TensorRT-LLM also has a command line interface for building and saving engines. This workflow consists of two steps

1. Convert model checkpoint (HuggingFace, Nemo) to TensorRT-LLM checkpoint via `convert_checkpoint.py`. Each supported model has a `convert_checkpoint.py` associated it with it and can be found in the examples folder. For example, the `convert_checkpoint.py` script for Llama models can be found [here](https://github.com/NVIDIA/TensorRT-LLM/tree/main/examples/models/core/llama/convert_checkpoint.py)
2. Build engine by passing TensorRT-LLM checkpoint to `trtllm-build` command. The `trtllm-build` command is installed automatically when the `tensorrt_llm` package is installed.

The README in the examples folder for supported models walks through building engines using this flow for a wide variety of situations. The examples folder for Llama models can be found at [https://github.com/NVIDIA/TensorRT-LLM/tree/main/examples/models/core/llama](https://github.com/NVIDIA/TensorRT-LLM/tree/main/examples/models/core/llama).

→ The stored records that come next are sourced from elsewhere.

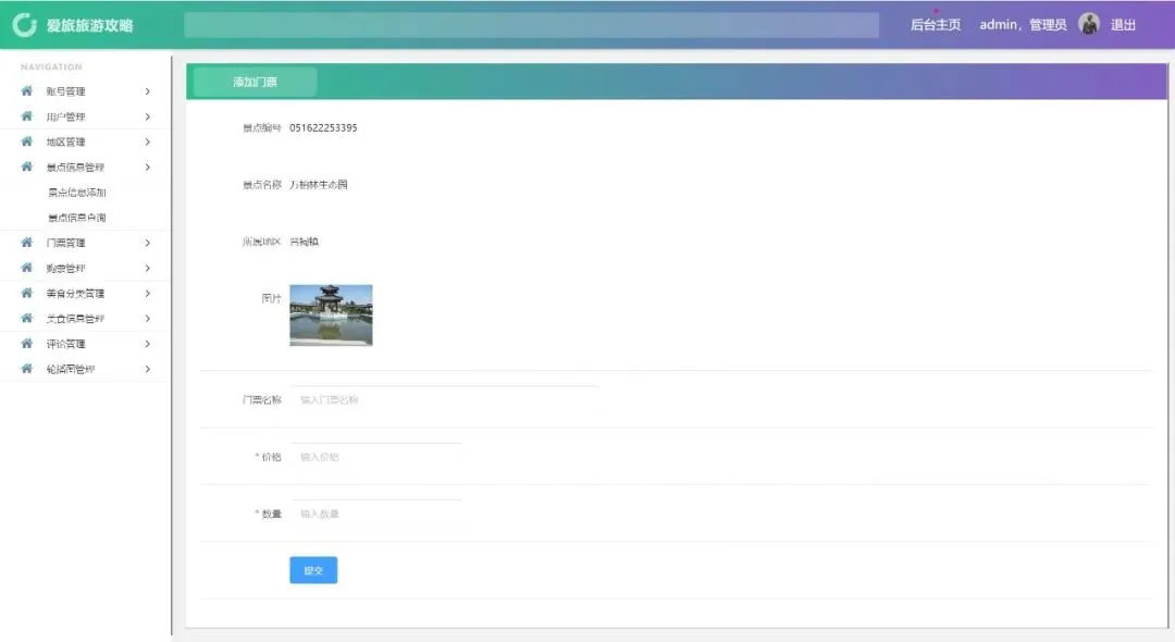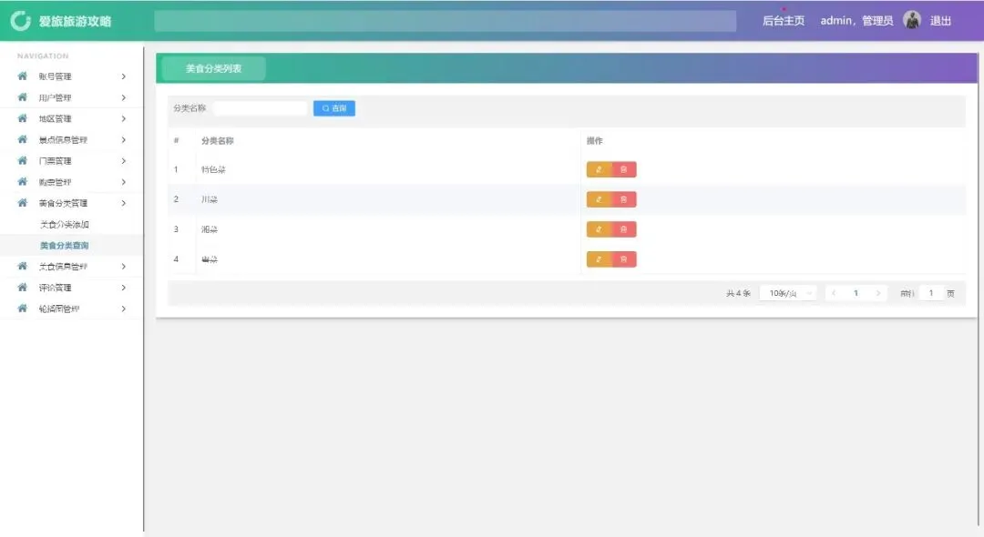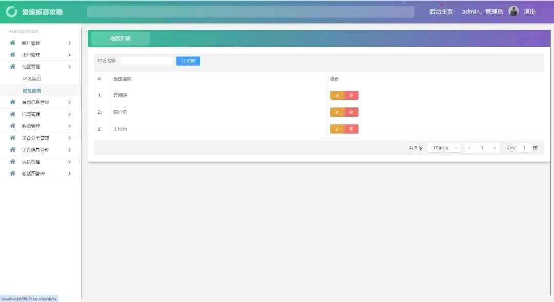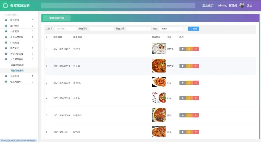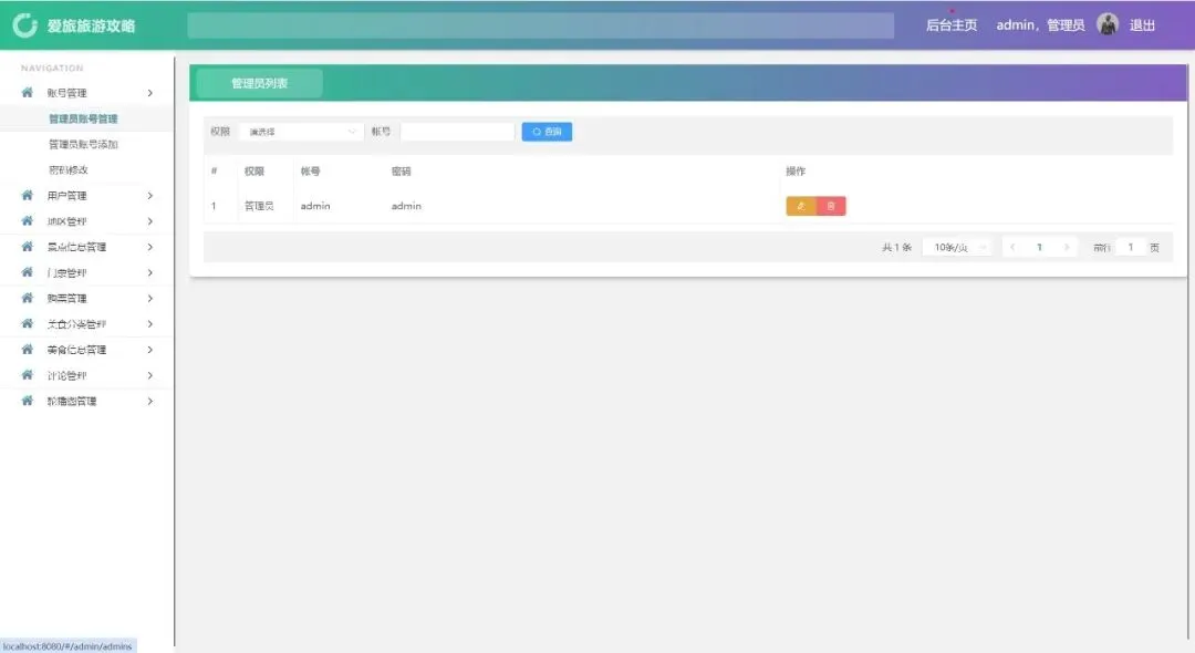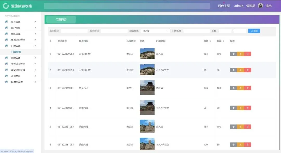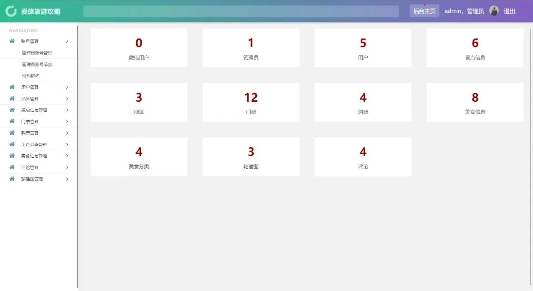 账号管理、用户管理、地区管理、景点信息管理、门票管理、购票管理、美食分类管理、美食信息管理、评论管理、轮播图管理、密码修改、个人信息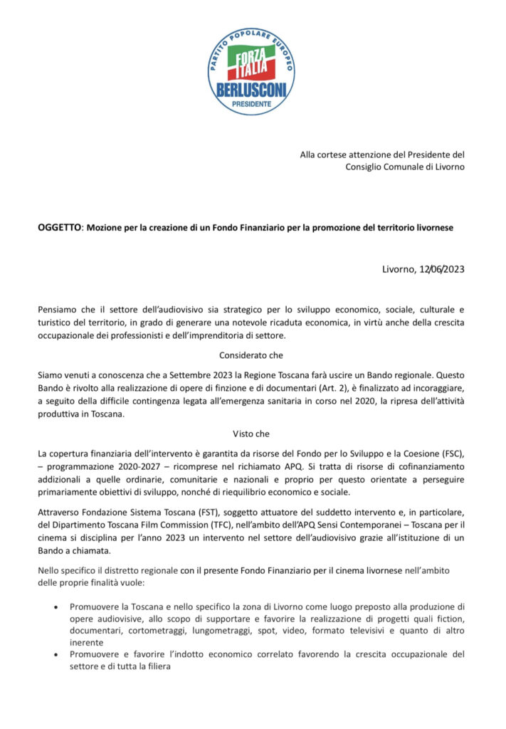 Una proposta per la nostra città: la creazione di un Fondo Finanziario per la promozione del territorio livornese. Forza Italia da giugno 2023 ha presentato la mozione che purtroppo non riusciamo a discutere nella commissione competente a causa dell’assenza continua dell’assessore di riferimento. È stata nuovamente insita in calendario delle commissioni bilancio e siamo sicuri che il 7 dicembre ore 10:30 riusciremo a presentare a tutte le forze politiche la nostra proposta.
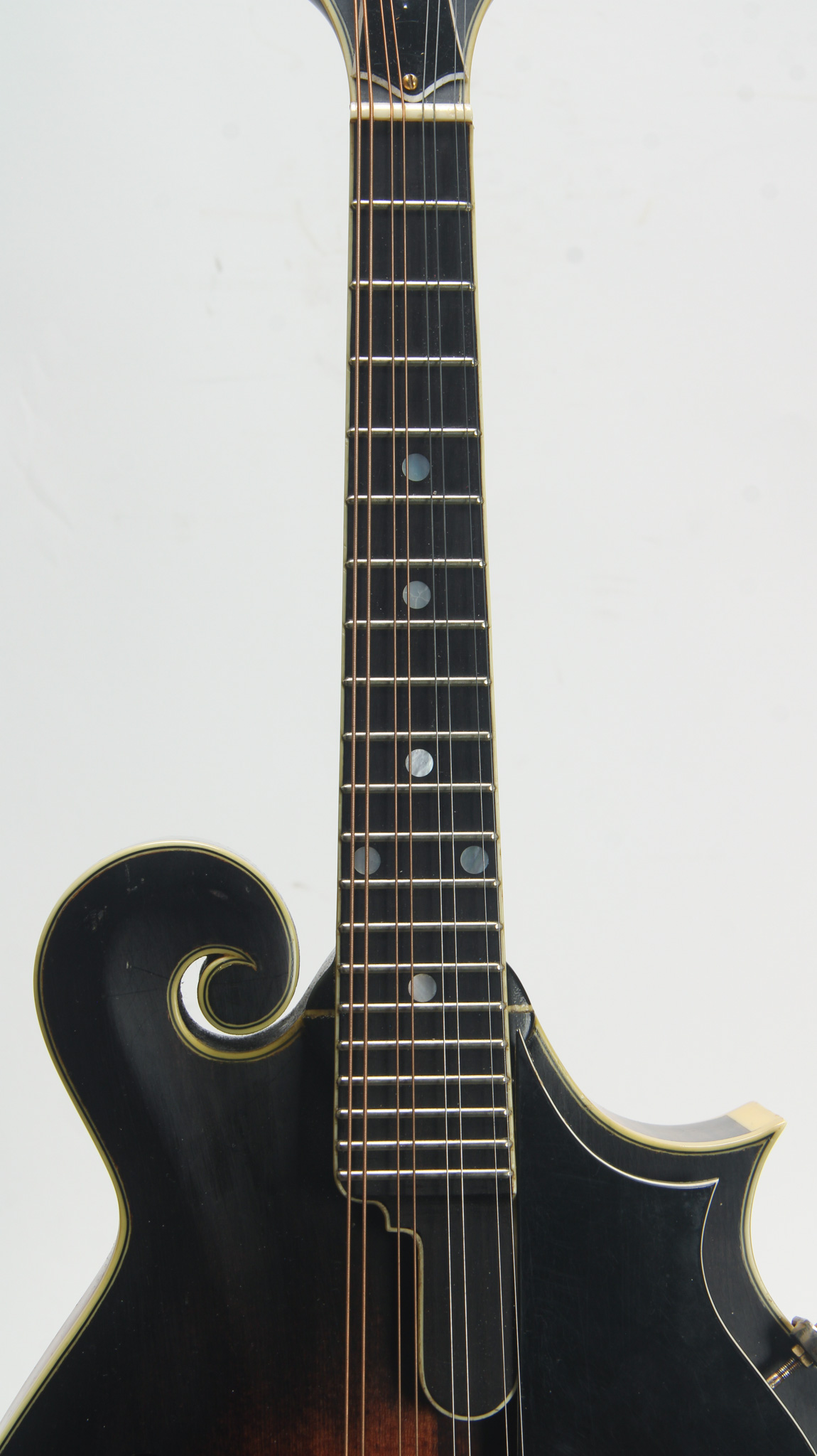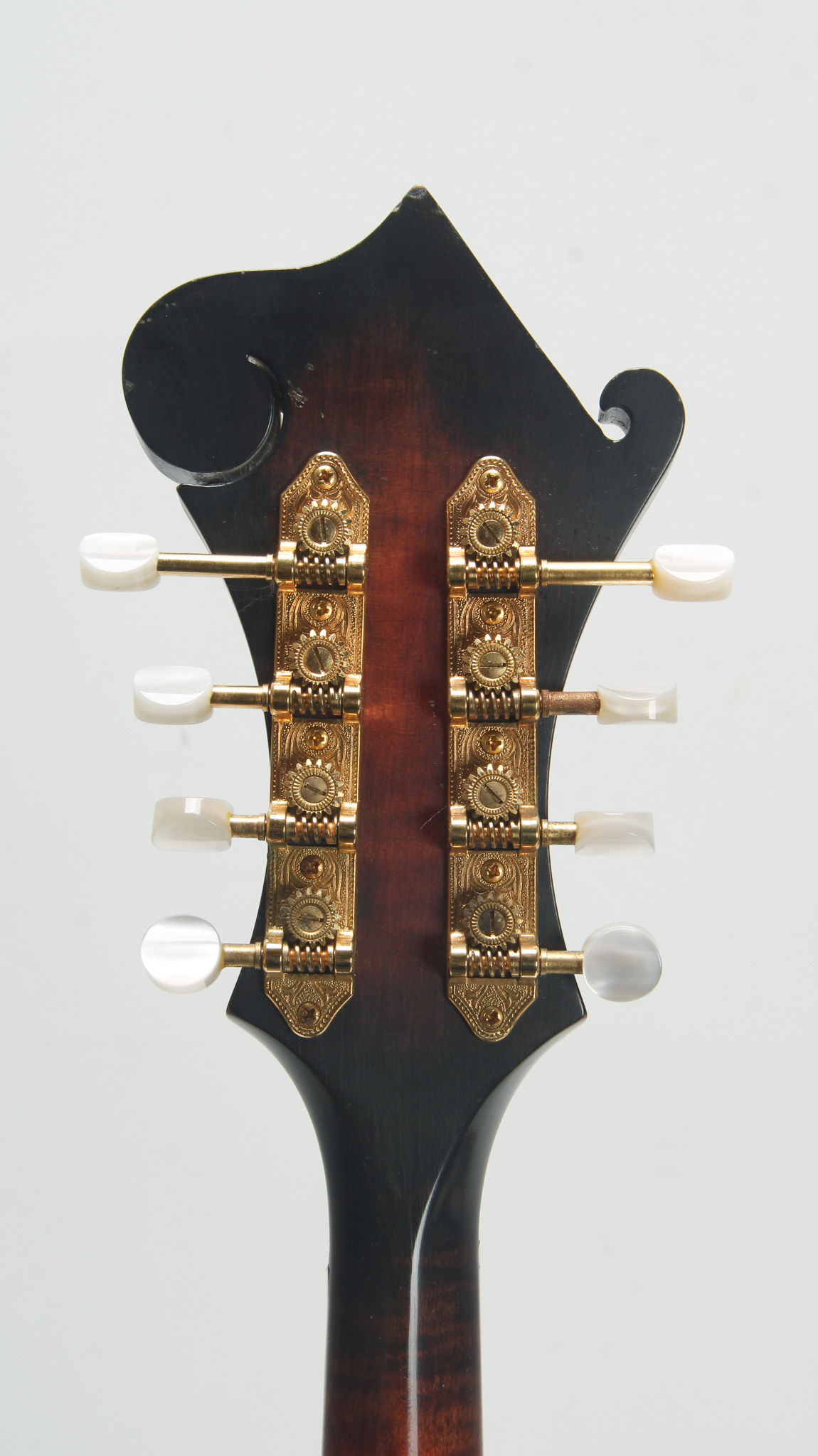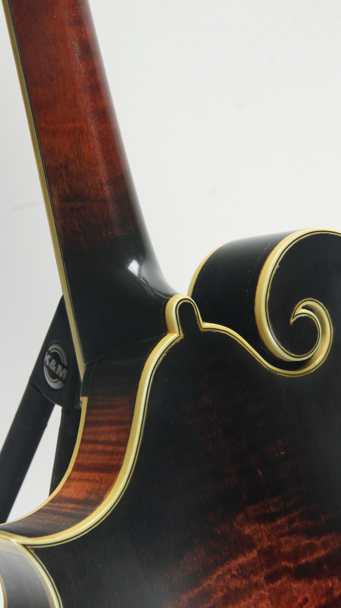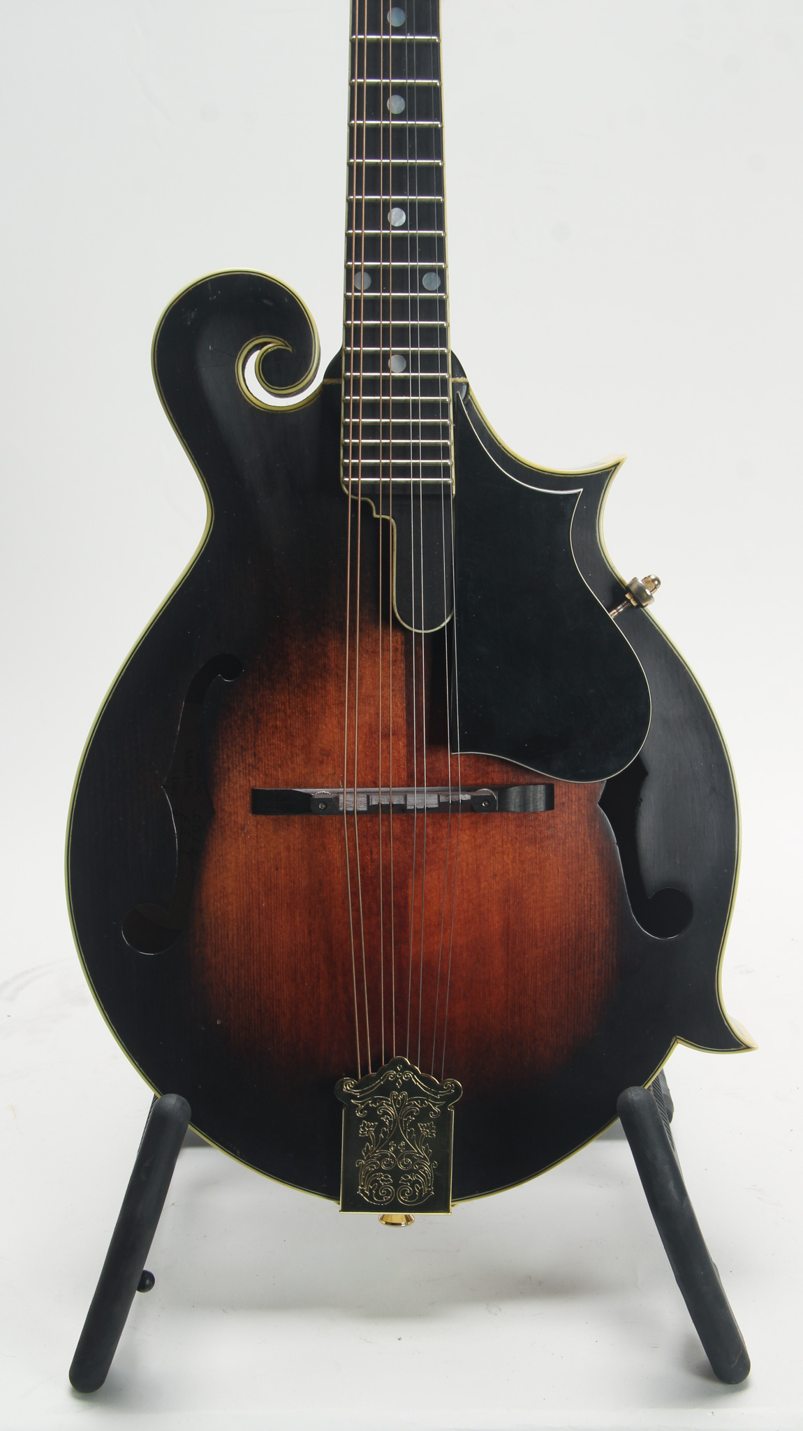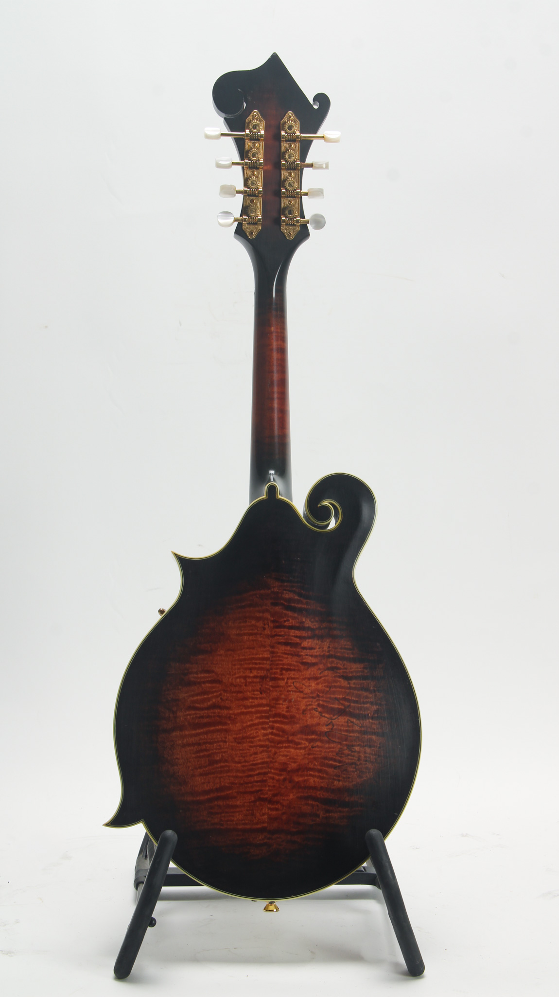 Truly a banjo-killer, early 2000s Brushcreek F-5 T model, high quality, small output single maker construction, from Geoff C. Waters (signature present on oval label inside, below 8/10/2003 date); rich and dynamic tone. Featuring flamed maple construction throughout the fully bound and trimmed F style body, the instrument has a two piece finely grained spruce top, with two piece back, two vertical braces on top, f holes, with gold-plated tailpiece, pickguard hardware; hairline finish checking present, with some dings and scratches from playing, and Ricky Skaggs' signature on back. The one piece maple neck has an extended ebony fingerboard, pearl dot markers, with engraved plate tuners, maker name and shooting star inlaid in pearl on peghead, with some dings on top of peghead, and tarnish on tuner shafts. A nice playing mandolin with low/medium action, there is slight fall-off on the extension, and the adjustable bridge at its lowest. Included in sale is original square hard case.
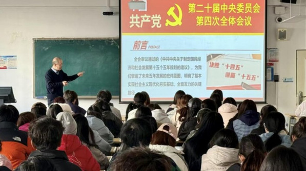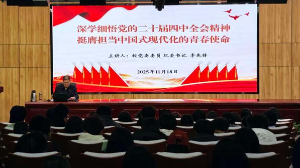 11月21日,校党委委员、副校长李敏骞为后勤管理处、美术与设计学院、音乐舞蹈学院、艺术职业学院等单位师生代表作专题宣讲,他结合学习体会,系统解读“十五五”时期指导方针、基本原则和经济社会发展目标,强调要将学习贯彻全会精神作为首要政治任务,要求师生准确把握其核心要义与实践要求,自觉在思想上政治上行动上同党中央保持高度一致。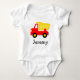 Um belo macacão de cartoon para um menino. Ilustração de desenho animado do veículo de construção. Personalizado com o nome da criança. Ideia divertida de presente para festa de chá de fraldas.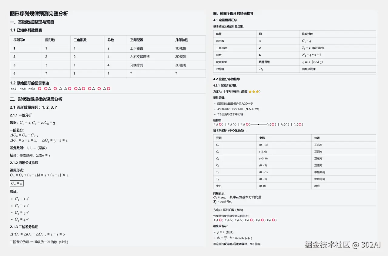 案例:观察以下图形序列:第一个图形有1个圆形在上方和1个三角形在下方;第二个有2个圆形在左侧和2个三角形在右侧,位置交替;第三个有3个圆形环绕1个三角形。请预测第四个图形的精确组成,包括形状数量、位置分布,并用数学公式(如n阶序列)证明规律(必须解释递增模式和位置变换逻辑)。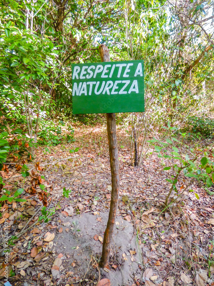 Sign written "Respect nature" in Portuguese at trilha dos holandeses (Dutch trail), hiking path in Ilha de Itamaraca, Brazil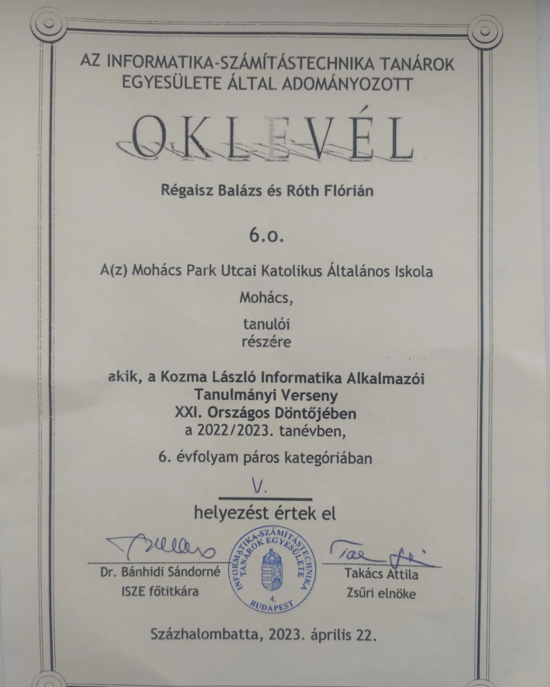 Iskolánk 6. osztályos tanulói Régaisz Balázs és Róth Flórián országos V. helyezést értek el páros kategóriában.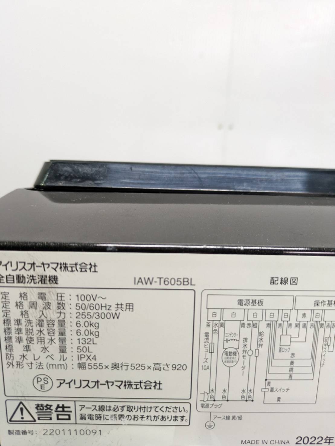 アイリス2022年製6.0Kg洗濯機 IAW-T605BL

## Benchmarking with `trtllm-bench`

`trtllm-bench` provides a command line interface for benchmarking the throughput and latency of saved engines.

### Prepare Dataset

`trtllm-bench` expects to be passed in a dataset of requests to run through the model. This guide creates a dummy dataset of 1000 requests with every request having input and output sequence length of 2048.  TensorRT-LLM provides the `prepare_dataset.py` script to produce the dataset. To use it clone the TensorRT-LLM Repo and run the following command:

`python benchmarks/cpp/prepare_dataset.py --stdout --tokenizer /path/to/hf/Llama-3.3-70B-Instruct/ token-norm-dist --input-mean 2048 --output-mean 2048 --input-stdev 0 --output-stdev 0 --num-requests 1000 > synthetic_2048_2048.txt`

`trtllm-bench` can also take in real data, see [`trtllm-bench` documentation](../perf-benchmarking.md) for more details on the required format.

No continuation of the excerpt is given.